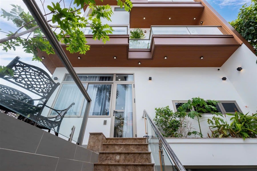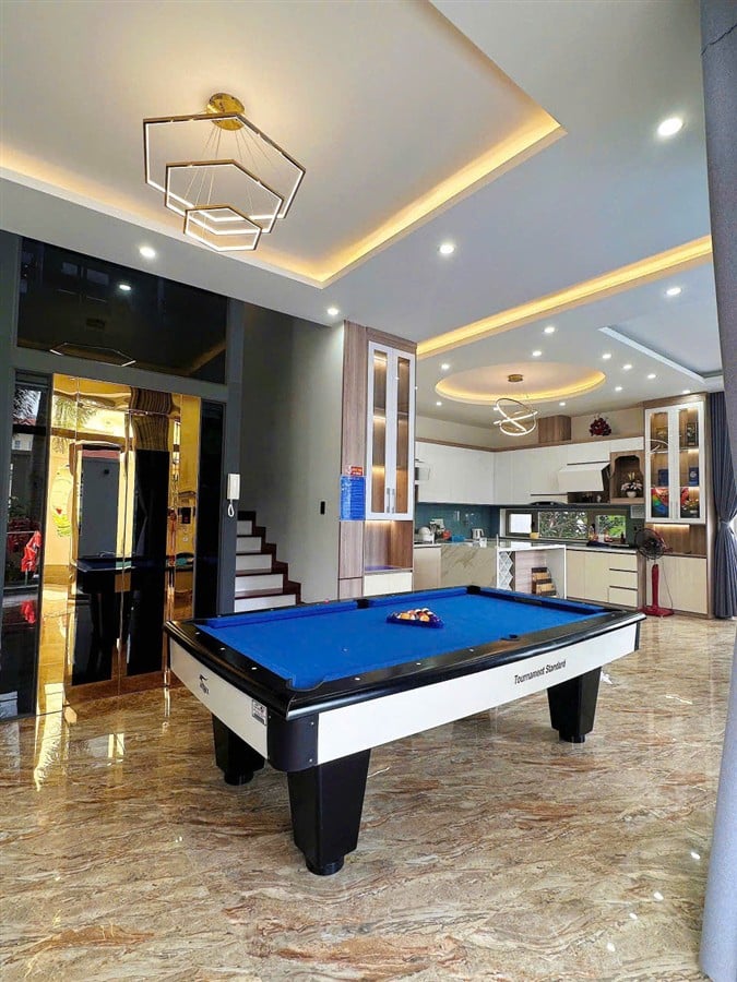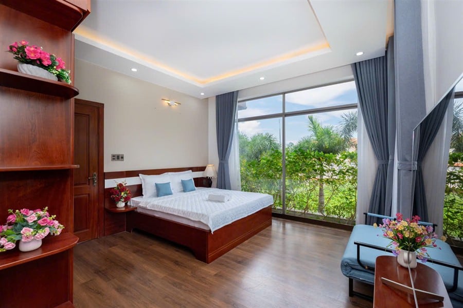 Homestay gồm 7 phòng ngủ, tổng 14 giường lớn và nhiều sofa bed, sức chứa tiêu chuẩn 15 khách và tối đa lên đến 30 khách lớn nhỏ với phụ phí bổ sung. Tầng trệt có phòng ngủ tích hợp karaoke với 5 sofa bed và WC riêng; tầng 1 gồm 2 phòng ngủ với giường đôi 1,8m kèm WC trong; tầng 2 gồm 3 phòng ngủ, 2 phòng sử dụng sofa bed với WC ngoài và 1 phòng có giường đôi kết hợp sofa bed. Tất cả các phòng đều được trang bị máy lạnh, ban công thoáng mát, tủ quần áo tiện nghi và nội thất hiện đại, mang đến trải nghiệm nghỉ dưỡng sang trọng, tiện nghi và thoải mái tối đa. Phòng khách rộng rãi với sofa sang trọng, TV màn hình lớn, khu vực giải trí với bàn bida, phòng karaoke cách âm và ghế massage, đáp ứng nhu cầu thư giãn và giải trí cho tất cả thành viên.
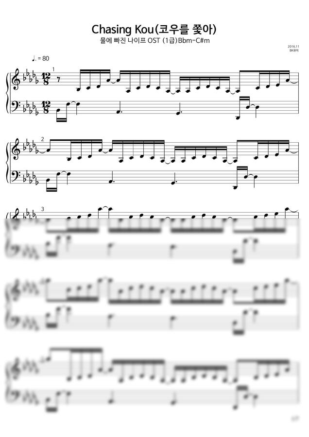 물에 빠진 나이프 OST - Chasing Kou(코우를 쫓아)피아노악보4종류물에 빠진 나이프 OST - Chasing Kou(코우를 쫓아)피아노악보4종류
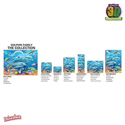 Calamita 3D LiveLife - Famiglia di Delfini di Deluxebase. Calamita da Frigorifero 3D Lenticolare a tema Oceano. Decorazioni magnetiche per bambini e adulti con opera d'arte di Michael Searle
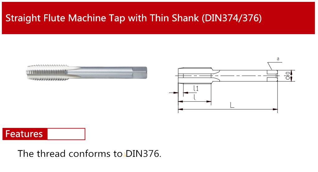 Straight Flute Machine Tap with Thin Shank (DIN374-376)
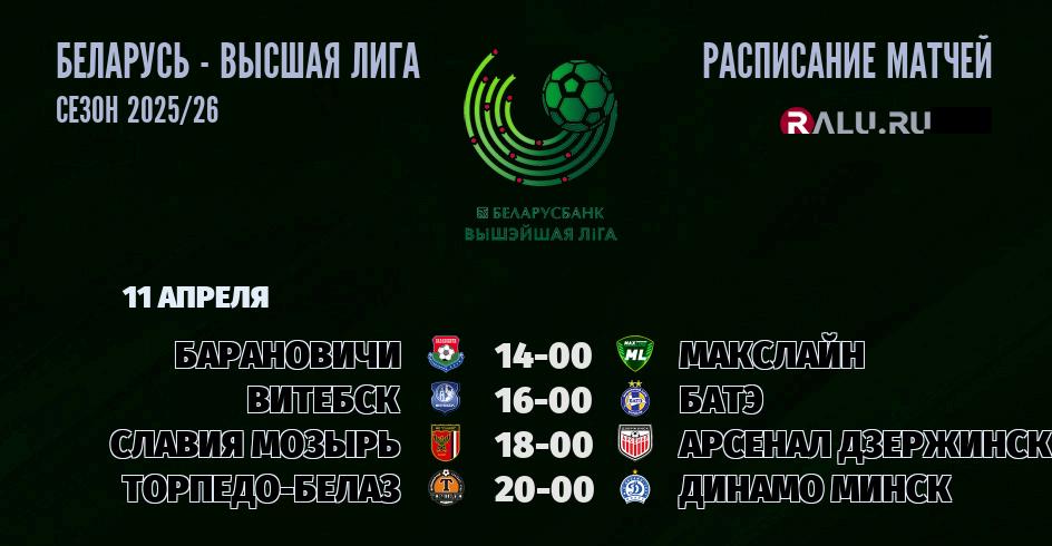 11 апреля 2026 года состоятся четыре матча в рамках Высшей лиги Беларуси
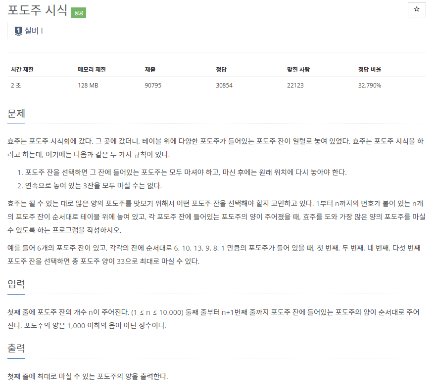 [백준] 계단오르기와 상당히 유사한 문제이다. 계단오르기 문제는 항상 연속 몇칸이상을 못간다는 등의 제약조건이 있다.
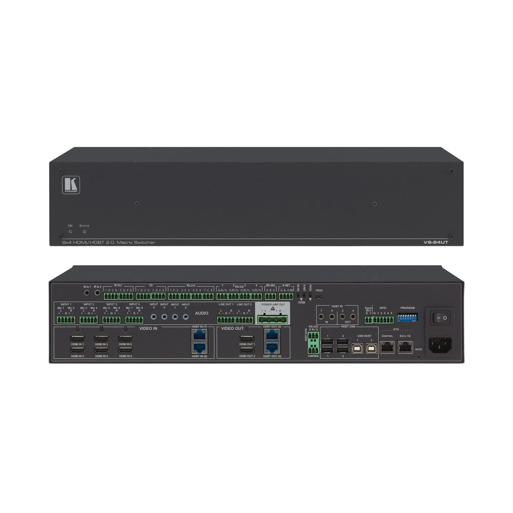 VS-84UT is an all-in-one 4K@60Hz (4:2:0) audio-video presentation system with integrated range extension and an integrated control system master. The unIt'switches the video, embeds the audio, and outputs the signal to both HDMI and HDBaseT 2.0 with USB extension and PoE on the HDBaseT output ports. Outstanding audio support includes balanced stereo audio, unbalanced stereo audio, and de-embedded audio sources that output to embedded audio, balanced stereo audio as well as a power amplified audio output.
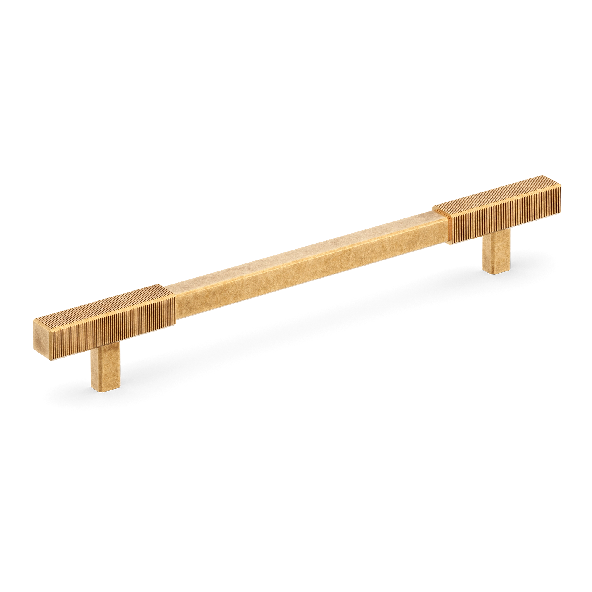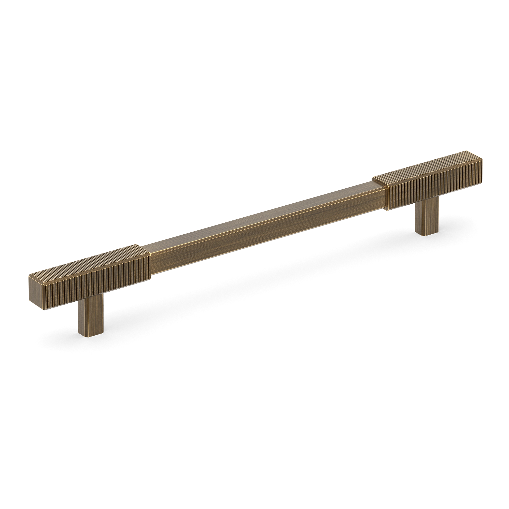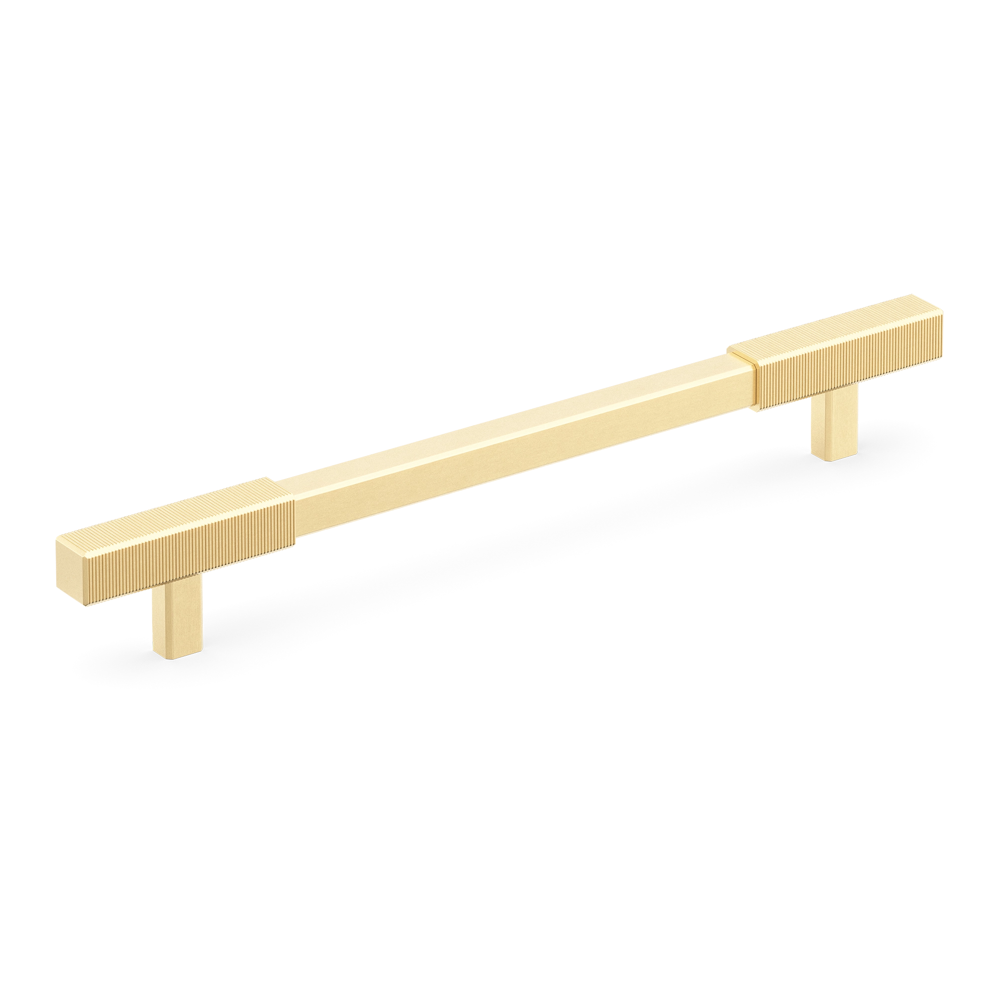 This cabinet/drawer pull handle showcases a minimalist, geometric design that adds a contemporary touch to any space. It features a long, rectangular central bar with smooth surfaces and two end blocks with vertical ridged textures for a tactile grip. Crafted from a metallic alloy, likely brass, it comes in various metallic finishes to suit different interior styles.

○ ○ ○

### REQUIRED ACTION
Reproduce exactly, with every picture left out, the lines from the one that contains "Calamita 3D LiveLife" to the final line of the records above.

### ANSWER TO THIS EXERCISE
 Calamita 3D LiveLife - Famiglia di Delfini di Deluxebase. Calamita da Frigorifero 3D Lenticolare a tema Oceano. Decorazioni magnetiche per bambini e adulti con opera d'arte di Michael Searle
 Straight Flute Machine Tap with Thin Shank (DIN374-376)
 11 апреля 2026 года состоятся четыре матча в рамках Высшей лиги Беларуси
 [백준] 계단오르기와 상당히 유사한 문제이다. 계단오르기 문제는 항상 연속 몇칸이상을 못간다는 등의 제약조건이 있다.
 VS-84UT is an all-in-one 4K@60Hz (4:2:0) audio-video presentation system with integrated range extension and an integrated control system master. The unIt'switches the video, embeds the audio, and outputs the signal to both HDMI and HDBaseT 2.0 with USB extension and PoE on the HDBaseT output ports. Outstanding audio support includes balanced stereo audio, unbalanced stereo audio, and de-embedded audio sources that output to embedded audio, balanced stereo audio as well as a power amplified audio output.
 This cabinet/drawer pull handle showcases a minimalist, geometric design that adds a contemporary touch to any space. It features a long, rectangular central bar with smooth surfaces and two end blocks with vertical ridged textures for a tactile grip. Crafted from a metallic alloy, likely brass, it comes in various metallic finishes to suit different interior styles.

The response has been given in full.